> **WHAT THE TASK ASKS**: Each line below is to be repeated exactly; any picture is to be left out.

> **RAW DATA**:
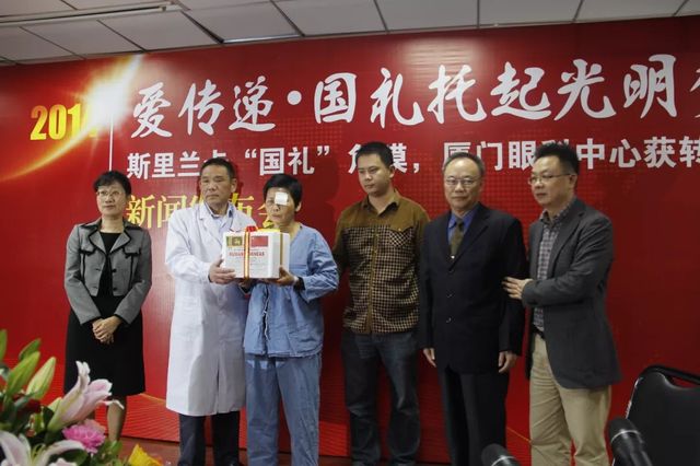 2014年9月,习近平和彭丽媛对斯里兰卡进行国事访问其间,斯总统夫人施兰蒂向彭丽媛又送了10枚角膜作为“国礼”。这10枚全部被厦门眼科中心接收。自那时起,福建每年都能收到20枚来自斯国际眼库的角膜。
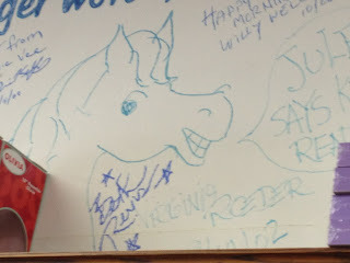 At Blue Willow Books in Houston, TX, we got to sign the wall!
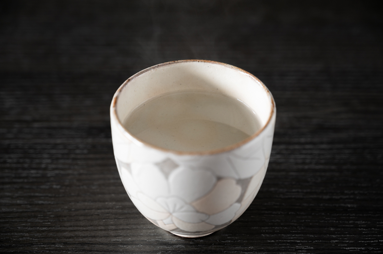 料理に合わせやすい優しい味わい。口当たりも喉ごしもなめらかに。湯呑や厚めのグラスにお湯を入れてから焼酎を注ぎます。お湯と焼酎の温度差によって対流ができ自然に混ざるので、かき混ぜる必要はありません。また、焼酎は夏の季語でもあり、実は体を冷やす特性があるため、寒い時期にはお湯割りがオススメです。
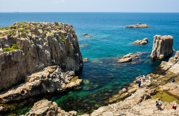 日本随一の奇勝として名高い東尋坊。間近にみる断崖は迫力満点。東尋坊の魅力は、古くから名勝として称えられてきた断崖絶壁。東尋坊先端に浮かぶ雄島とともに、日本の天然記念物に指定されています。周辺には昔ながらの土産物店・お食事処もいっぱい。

> **EXPECTED ANSWER**:
 2014年9月,习近平和彭丽媛对斯里兰卡进行国事访问其间,斯总统夫人施兰蒂向彭丽媛又送了10枚角膜作为“国礼”。这10枚全部被厦门眼科中心接收。自那时起,福建每年都能收到20枚来自斯国际眼库的角膜。
 At Blue Willow Books in Houston, TX, we got to sign the wall!
 料理に合わせやすい優しい味わい。口当たりも喉ごしもなめらかに。湯呑や厚めのグラスにお湯を入れてから焼酎を注ぎます。お湯と焼酎の温度差によって対流ができ自然に混ざるので、かき混ぜる必要はありません。また、焼酎は夏の季語でもあり、実は体を冷やす特性があるため、寒い時期にはお湯割りがオススメです。
 日本随一の奇勝として名高い東尋坊。間近にみる断崖は迫力満点。東尋坊の魅力は、古くから名勝として称えられてきた断崖絶壁。東尋坊先端に浮かぶ雄島とともに、日本の天然記念物に指定されています。周辺には昔ながらの土産物店・お食事処もいっぱい。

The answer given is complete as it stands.